Collection entries:

============================================================

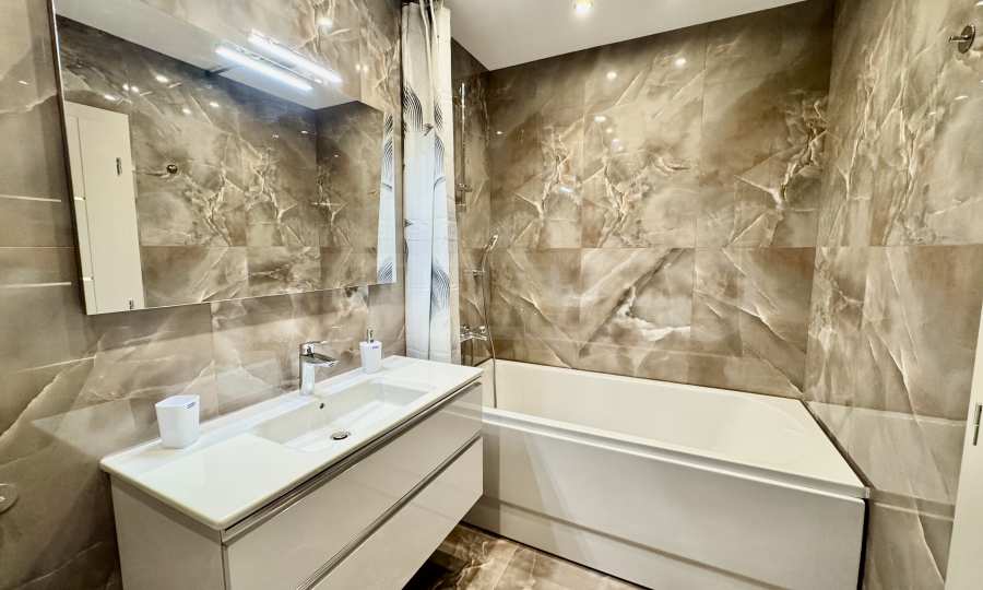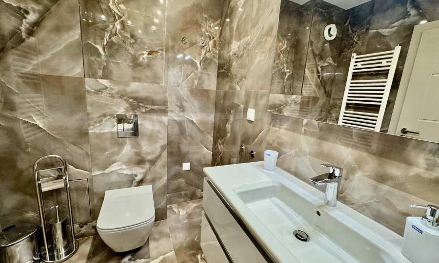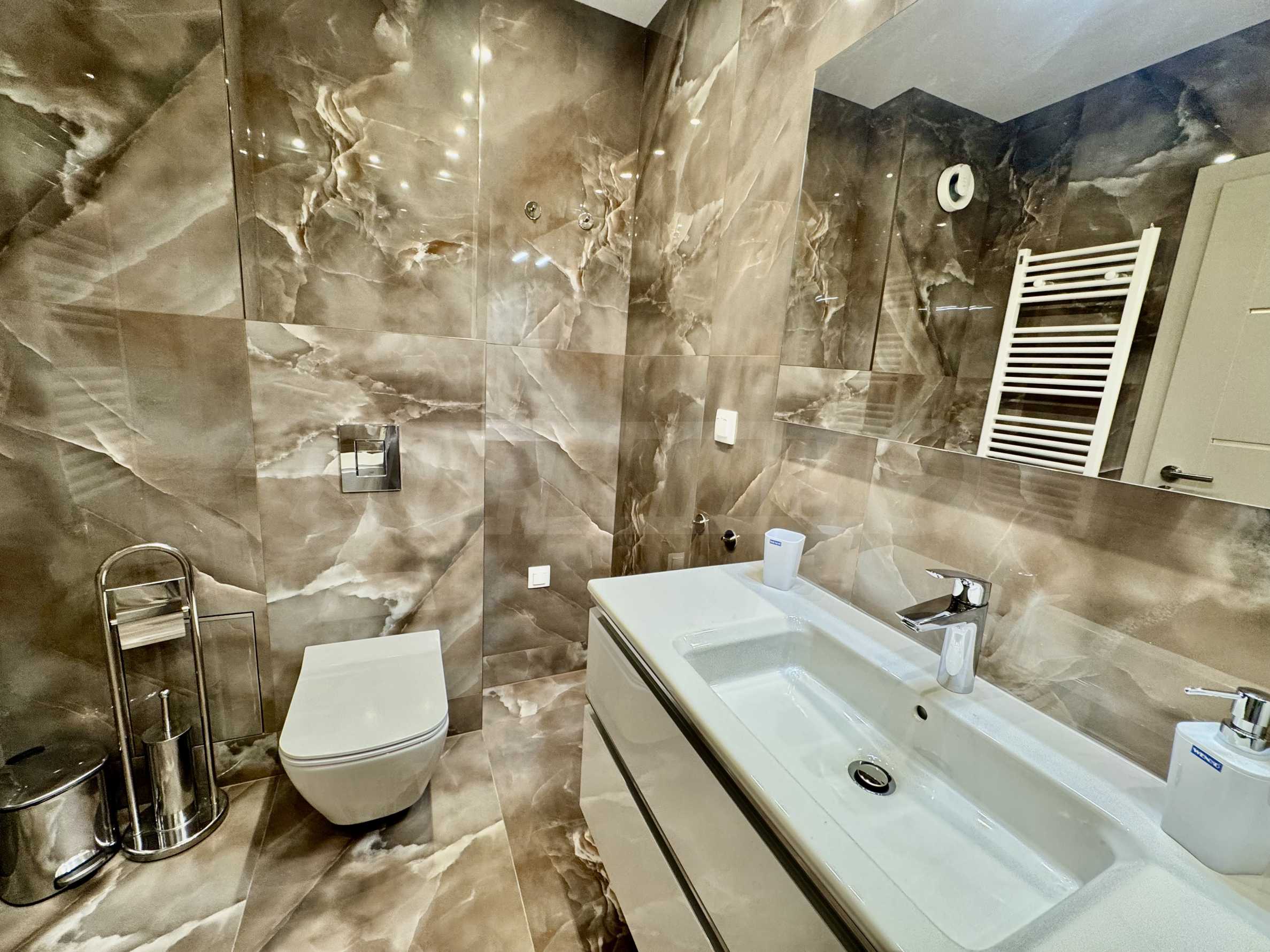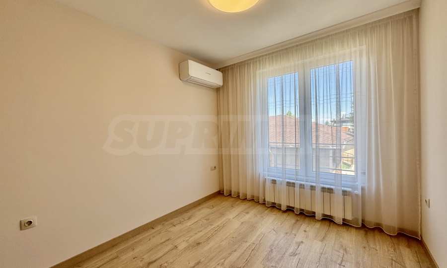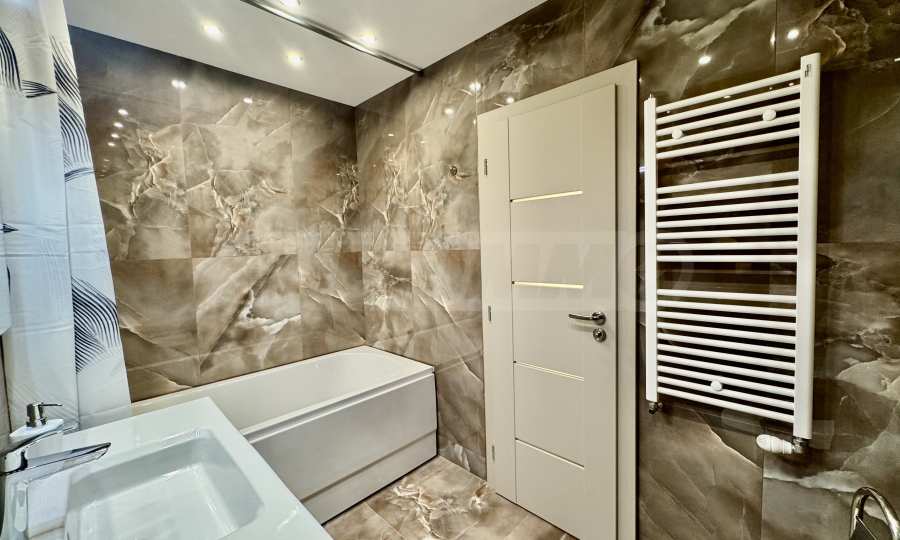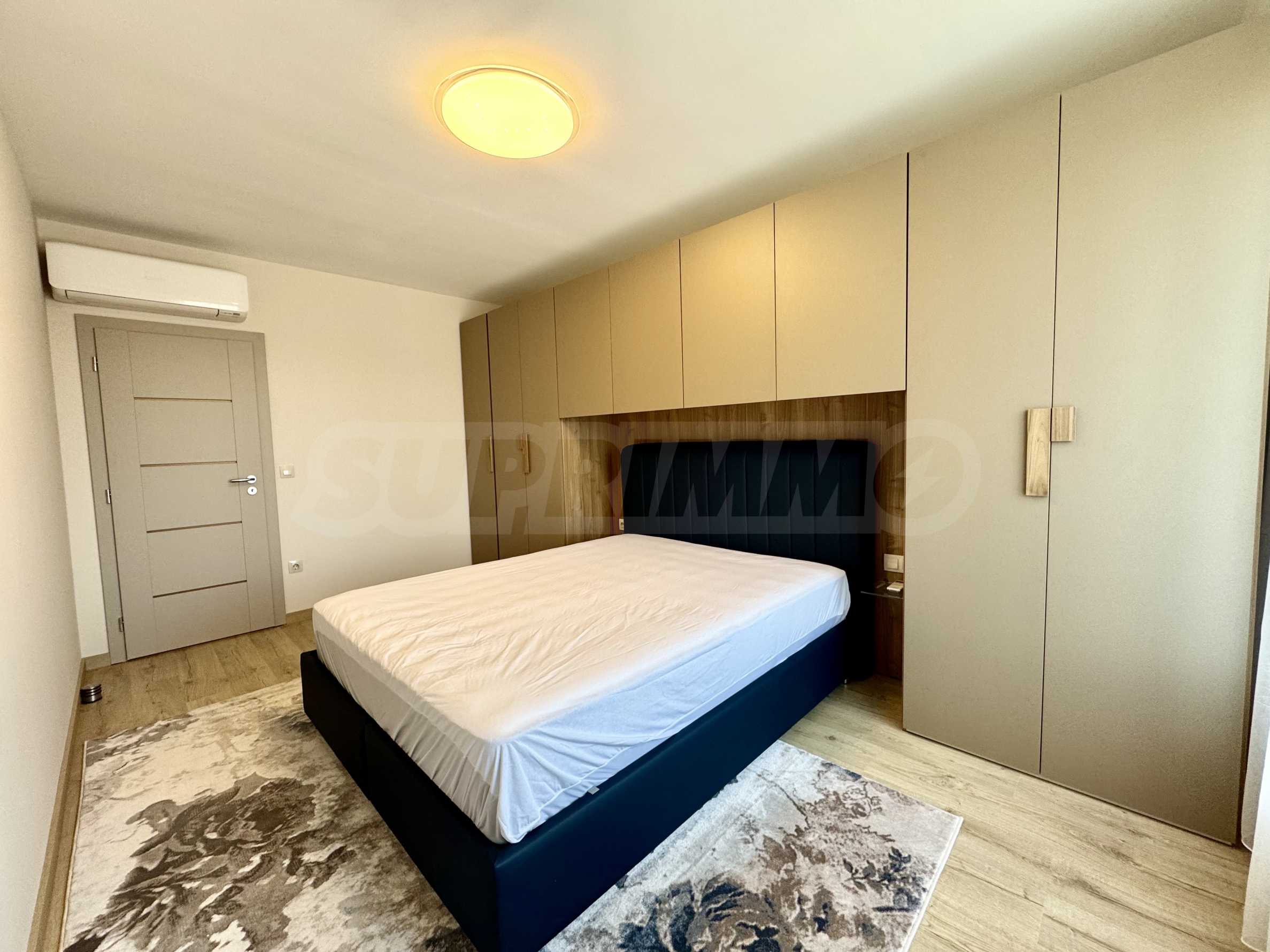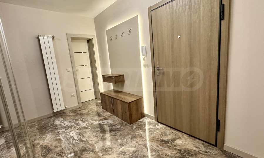 Имотът предлага елегантен и модерен интериор с висок клас материали, електроуреди и дизайнерско обзавеждане. Функционалното осветление завършва модерния облик на апартамента, като е старателно премислено във всяка една стая. Подовите настилки са от висококачествен гранитогрес и мокет. Отоплението е посредством климатици, газово котле и допълнителен електрически бойлер за топлата вода.
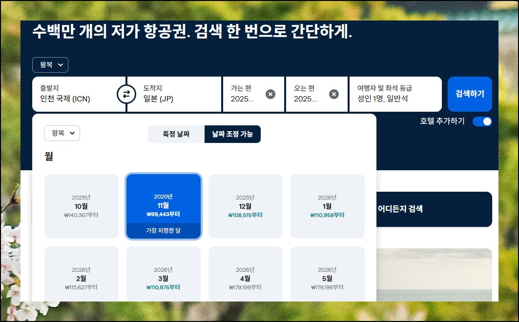 항공권을 찾기 위해서는 먼저 기본적인 여행 정보를 입력해야 해요. 목적지는 일본으로 설정하고 출발 공항을 선택하면 됩니다. 여기서 놓치면 안 되는 중요한 설정 두 가지가 있어요. 첫째는 직항편만 보기 옵션을 반드시 활성화하는 거예요. 둘째로는 "날짜 조정 가능" 기능을 켜서 월 단위로 검색해보세요. 가장 저렴한 달을 선택하면 가격이 더 싼 비행기표를 발견할 확률이 높아집니다.
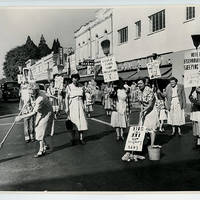 A group of women walk down the street in Downtown Hillsboro, campaigning for Dwight Eisenhower's first presidential election in 1953. Many of them carry mops and brooms, and their signs proclaim various slogans, including 'Vote For Eisenhower for a Sweeping Victory,' 'Lower Taxes Stop Inflation,' 'A Clean Sweep with Eisenhower and Nixon,' and 'Let's Clean House with Ike and Dick.'
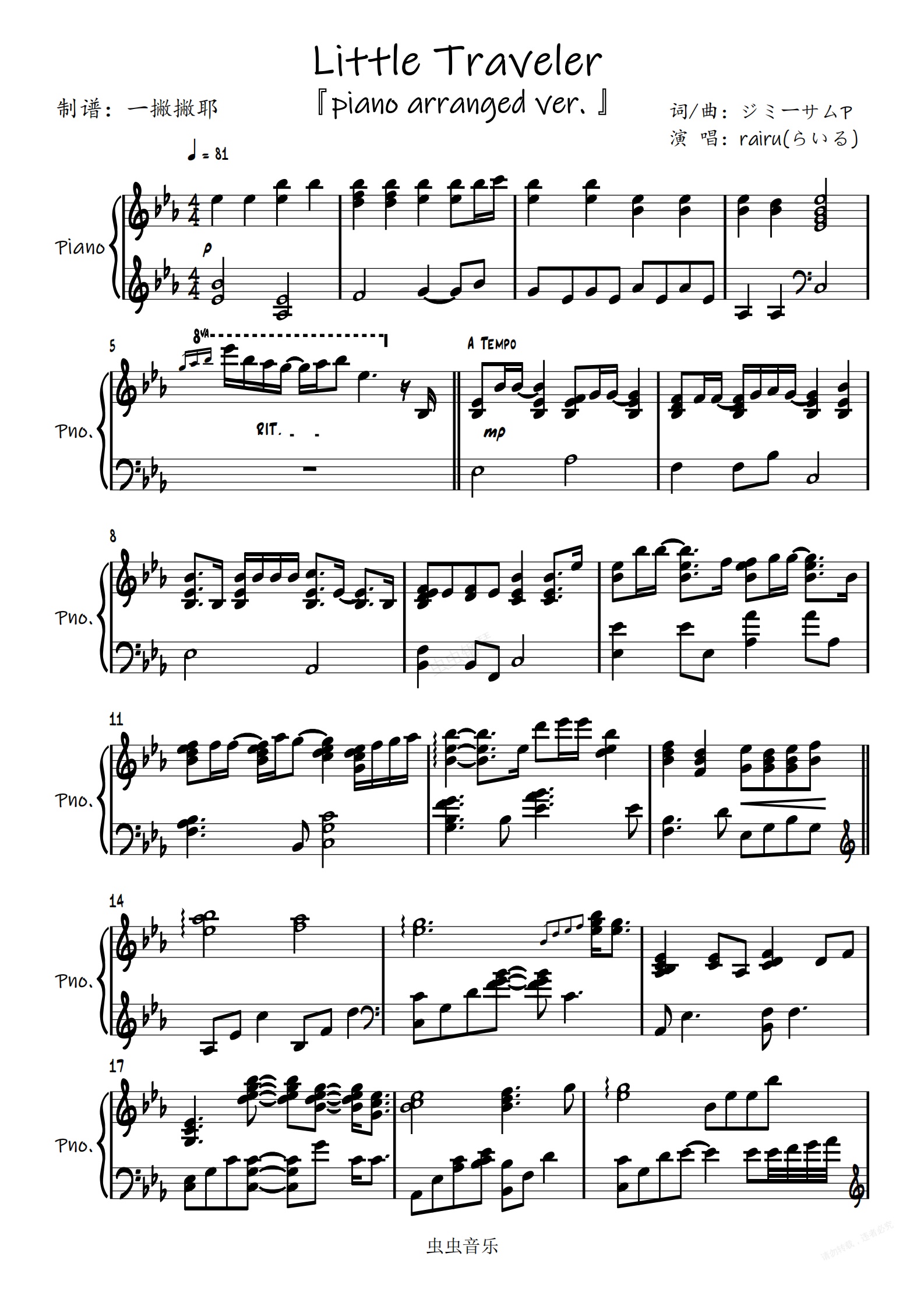 钢琴谱:Little Traveler【独奏谱】rairu「一撇撇耶」
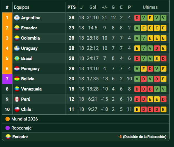 La selección nacional cerró las Eliminatorias Sudamericanas rumbo al Mundial 2026 Estados Unidos, México y Canadá con una derrota 1 a 0 ante Ecuador en Guayaquil. A 274 días del comienzo de la próxima Copa del Mundo que comenzará el 11 de junio del año que viene.
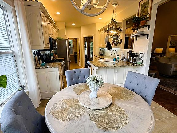 The kitchen boasts granite countertops, a gas stove, and a peaceful sitting area, ideal for everyday living. The master suite is a true retreat, complete with a sitting room, large windows, a luxurious master bath, a walk-in closet, and French doors.

============================================================

**Problem description**
Each line above from the one containing "항공권을 찾기 위해서는" through the one containing "钢琴谱:Little Traveler【独奏谱】rairu「一撇撇耶」" is to be returned verbatim. Nothing else, and no pictures.

**Exercise output**
 항공권을 찾기 위해서는 먼저 기본적인 여행 정보를 입력해야 해요. 목적지는 일본으로 설정하고 출발 공항을 선택하면 됩니다. 여기서 놓치면 안 되는 중요한 설정 두 가지가 있어요. 첫째는 직항편만 보기 옵션을 반드시 활성화하는 거예요. 둘째로는 "날짜 조정 가능" 기능을 켜서 월 단위로 검색해보세요. 가장 저렴한 달을 선택하면 가격이 더 싼 비행기표를 발견할 확률이 높아집니다.
 A group of women walk down the street in Downtown Hillsboro, campaigning for Dwight Eisenhower's first presidential election in 1953. Many of them carry mops and brooms, and their signs proclaim various slogans, including 'Vote For Eisenhower for a Sweeping Victory,' 'Lower Taxes Stop Inflation,' 'A Clean Sweep with Eisenhower and Nixon,' and 'Let's Clean House with Ike and Dick.'
 钢琴谱:Little Traveler【独奏谱】rairu「一撇撇耶」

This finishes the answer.